When Governor Peter Obi revisited the issue of the long abandoned Anambra Airport Project, hopes were high that succour had come at last. Many years later, the project is yet to take off. It has been nothing but politics, controversies, abandonment of sites, and relocation of sites.
By Chuks OLUIGBO and Odinaka ANUDU
Anambra is one of the five states that make up the present-day South-Eastern Nigeria. It is home to the commercial cities of Onitsha and Nnewi. Onitsha harbours the famous Onitsha Main Market, the largest market in West Africa, while Nnewi plays host to the Nnewi Motorcycle Spare Parts Market, easily the largest motorcycle spare parts market in Nigeria. Nnewi is also called the Japan (or Taiwan) of Africa.
The idea of siting an airport in the vicinity of Onitsha was first conceived in the late 1970s, shortly after the creation of Anambra State.
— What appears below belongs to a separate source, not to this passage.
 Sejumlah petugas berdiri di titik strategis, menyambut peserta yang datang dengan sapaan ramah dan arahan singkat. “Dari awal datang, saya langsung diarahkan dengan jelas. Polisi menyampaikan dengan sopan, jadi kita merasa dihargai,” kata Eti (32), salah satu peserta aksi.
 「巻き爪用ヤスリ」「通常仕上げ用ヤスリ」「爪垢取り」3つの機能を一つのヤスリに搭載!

Anambra then comprised the present-day Anambra, Enugu, and parts of Ebonyi State. The airport as conceived at that time was to be a cargo airport that would mainly serve the transportation and commercial interests of Onitsha and Nnewi.
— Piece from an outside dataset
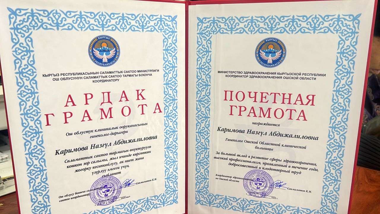 Каримова Назгул Абдижалиловна награждена Почётной грамотой координатора здравоохранения Ошской области.

The idea was popularly welcomed not only by Anambra people but also by the entire people of the South-East for the promises it held and the quantum development it was expected to bring to the area. Feasibility studies were quickly undertaken and the suburban town of Oba in Idemili South Local Government Area of the state was chosen for the project. Thenceforth, the project became known as Oba Airport. Work began in earnest at the Oba site with initial clearing and grading. The extent of work done was such that on two of his visits to Anambra State, the late Pope John Paul II landed at the Oba Airport site.
Unfortunately, over thirty years after the idea was conceived, Anambra people are still waiting in vain for the actualization of the airport project. Part of the reason for this was that shortly after the initial clearing and grading, the project lost its momentum and was abruptly abandoned. The government of the day claimed that work had to be suspended because of paucity of funds. Successive governments did virtually nothing about the project. At a point, rumours made the rounds that transporters in Nnewi and Onitsha, especially ‘luxury bus’ owners, were strongly opposed to the idea of locating an airport in their vicinity because of the apparent fear that the realisation of such a project would affect their land transport business negatively. They envisaged, it was claimed, that many travellers would prefer to catch a flight from Oba to Lagos, Abuja or Kano rather than go through the excruciating pains of travelling many hours on the dilapidated Nigerian roads. In order to see that their fear is mitigated, the rumours said, these ‘luxury bus’ owners bribed successive governments so as to stall the airport project.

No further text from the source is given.